Take a few former 7 Mile Bridge Run champs, combine them with extreme triathletes, and toss in a few more runners who perennially sit atop race leaderboards in Monroe County – put another way, assemble the Keys’ own Avengers of distance running.
Then, tell them to go run 100 miles as fast as they can, and enjoy the show.
On May 17, first-place squad PeaK Pulse left no doubt in the team relay of the Keys 100 ultramarathon, keeping the pedal to the metal from Key Largo to Key West and completing the course in 10 hours, 26 minutes and 20 seconds.
We’ll save you the calculator – that’s an AVERAGE of 6 minutes, 15 seconds per mile, all done in mid-80s temperatures without a cloud in the sky. The team arrived in Key West nearly 28 minutes before their next competitors, smashed their “kind of brutal” goal of 11 hours – their words, not ours – and topped the winning relay time from 2024 by more than an hour.
“Honestly, I just wanted to make as stacked a team as possible,” said Aydan Child, the 2019 Marathon High graduate and 2018 7 Mile Bridge Run champ who hatched the idea for PeaK Pulse’s squad with Marathon triathlete John “Bucky” Wile. Recruiting fellow triathlete Adam Matyi, the crew added Key West native and 2025 bridge run champ Owen Allen before turning to the Bursa brothers, Big Pine-based distance phenoms.
Fresh off their Marathon High School outdoor track season, the roster initially included younger brothers Vance and Tony, but a foot fracture sidelined Vance just days before the race, forcing a last-minute step-in by elder brother Jakub.
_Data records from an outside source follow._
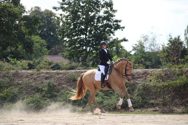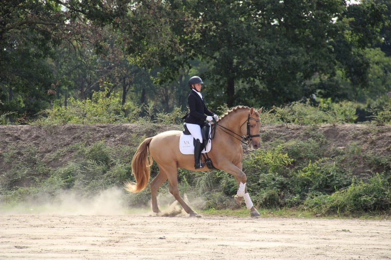 È con grande tristezza che stiamo pensando di trovare una nuova casa per Maestrante. La decisione non è stata facile, ma diverse ragioni ci spingono in questa direzione. Abbiamo già diverse puledre da lui, diverse fattrici gravide da lui per il 2025, oltre a una riserva di seme congelato. Inoltre, Maestrante è un cavallo che ama lavorare e ricevere attenzioni, esigenze che a volte fatico a soddisfare per mancanza di tempo. Merita di essere al centro dell'attenzione di qualcuno che possa prendersi cura di lui in modo completo, mentre a noi potrebbe permettere di scoprire un'altra gemma rara. Non nascondo che sto cercando un successore d'eccezione per lui". Maestrante, che misura 1,71 m, trasmette ai suoi puledri una struttura ossea robusta e una grande autonomia. Oltre alle qualità fisiche e morfologiche che lo predispongono al dressage, si distingue per il suo temperamento facile e generoso in ogni circostanza. Ha partecipato due volte al Concorso Centrale Europeo ANCCE, ottenendo una medaglia di bronzo nel 2022 nella categoria stalloni di età superiore ai 7 anni e vincendo una medaglia d'oro nel 2023 per la funzionalità (prova a cavallo per stalloni di età superiore ai 7 anni). Maestrante è stato testato geneticamente per il suo colore, con un risultato di ggEEAaPrlPrl, doppio perla su base baia. È stato sottoposto a radiografia a 2 e 5 anni ed è esente da problemi di OCD e navicolare. È stato anche testato per l'assenza di Piro. Nota bene: Maestrante non deve assolutamente partire e potrebbe rimanere con noi. VanouAll Dressage si sta prendendo cura di lui in modo eccellente e posso continuare a utilizzarlo nel nostro programma di allevamento. Pertanto, il prezzo di Maestrante riflette la qualità di questo cavallo.
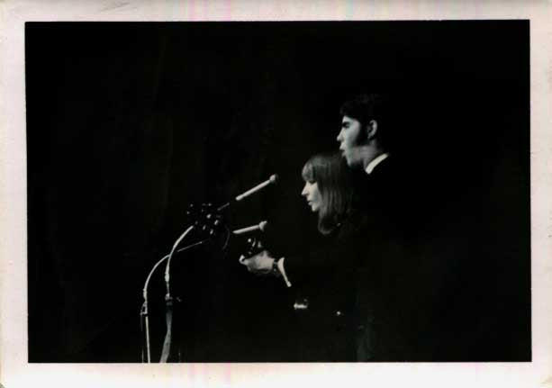 Vintage candid photograph signed verso, shows Esther and Abi Ofarim on stage (on the front), 4 x 3 inch, signed by both verso in blue felt tip "Esther Ofarim" & "Abi Ofarim", with very mild signs of wear - in nearly very fine condition.
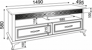 Длина ниши под телевизор, см 149
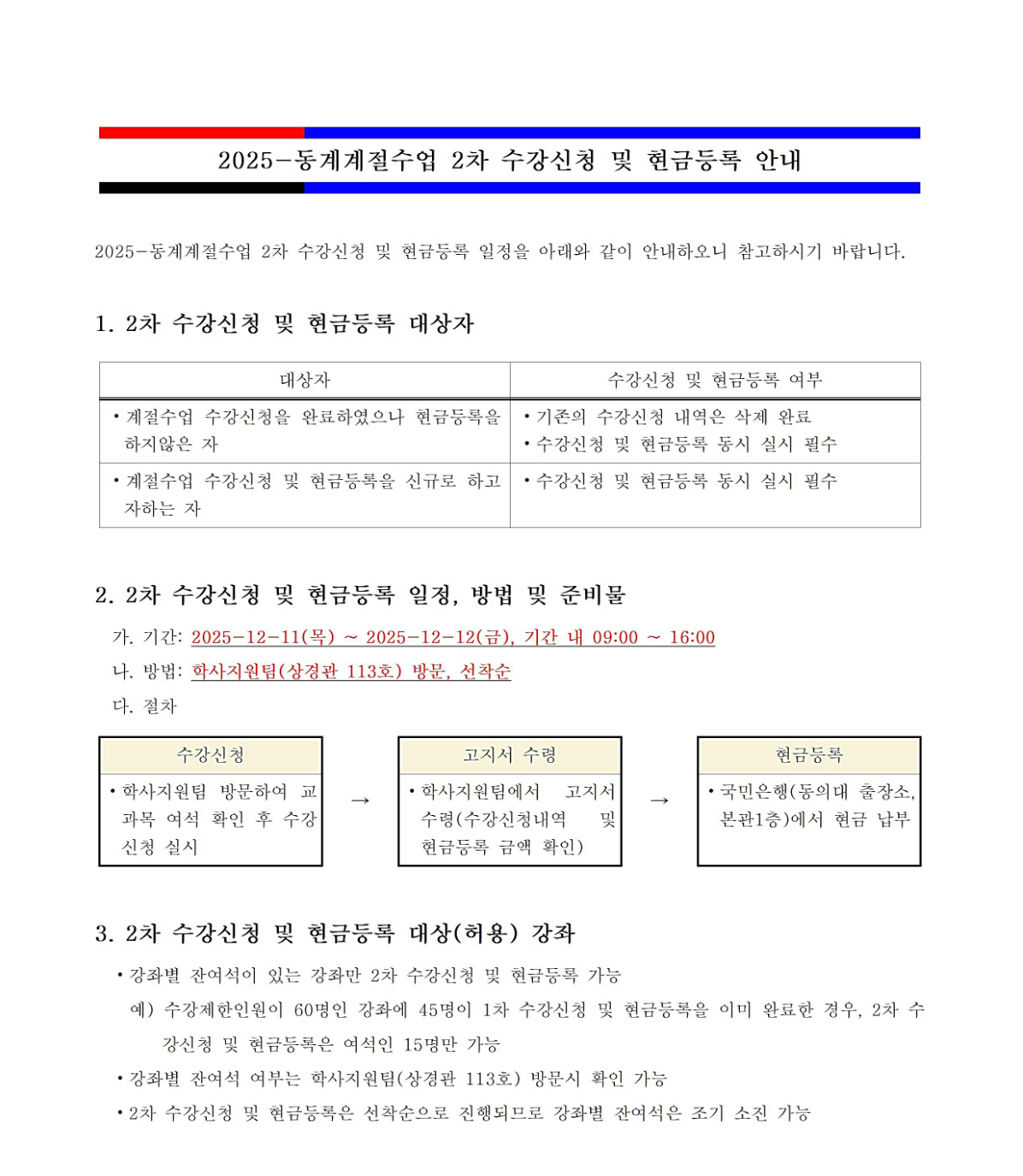 2025-동계계절수업 2차 수강신청 및 현금등록 안내
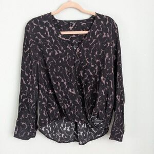 Rails Women Crop Hi-Low Difused Cheetah Blouse Wrap Top
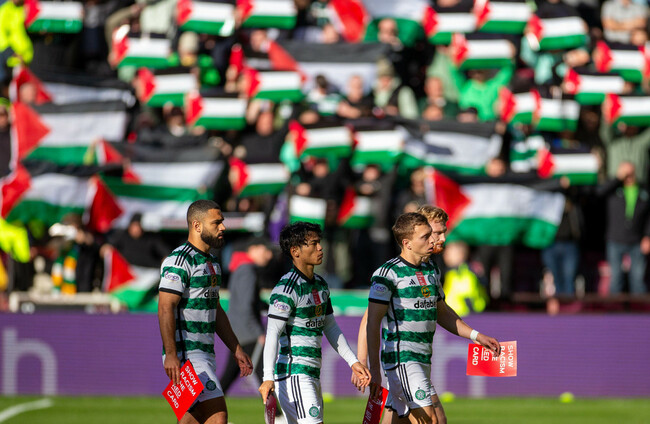A section of Celtic’s support has long held an affiliation with the Palestinian cause, with the club having previously been sanctioned by Uefa for banners or flags showing support for Palestine.

No longer involved in competitive racing since his 2024 graduation, Jakub told the Weekly he’d been running only eight miles per week, with most of his recent workouts replaced by distance cycling. And with essentially zero training fitting the nature of the race, the oldest Bursa brother turned in what his teammates called an “MVP performance,” nearly equaling his pace from high school races to match the team average during his 13 assigned miles.
“We didn’t know what to expect, and he came in and absolutely crushed it – the same (pace) as Bucky and I,” said Child. “Jakub stepping up and being able to hang in there and put that much heart and effort into it – that was crazy to see.”
Bursa wasn’t alone in gutting out a technically sound and blazing fast performance. Taking on the bridge he conquered just one month earlier, Allen gladly traded a heavy headwind from April for the heat of May, reportedly lighting up the seven-mile span in less than 40 minutes and dropping his pace below his championship-winning speed by more than 20 seconds per mile.
Taking advantage of nearly every opportunity to pass the baton, the team was the picture of consistency, hitting the 50-mile mark in exactly 5 hours and 13 minutes. And although some 50-mile relay teams had already reached the Seven Mile Bridge as PeaK Pulse passed through “downtown” Marathon, by the time they hit Key West, the crew had left even that race’s top finishers behind.
And while he couldn’t pound the pavement as one of the team’s fastest projected runners, his teammates had high praise for Vance’s role in facilitating the entire 100-mile effort.
“I was water boy, transition boy, fueling boy, hydration boy,” laughed Vance.
“It was a whole system, and we trusted each other,” said Tony. “We were all into it. It’s not like a race where it’s just you against you – you use the whole team, and it’s a lot more entertaining.”
“It was nothing but a great time,” said Child. “Vance was in a boot, but he had water, ice packs, keeping everything sorted and orderly. Having everything come to fruition and accomplishing our goals, and just all being there together at the end was really nice.”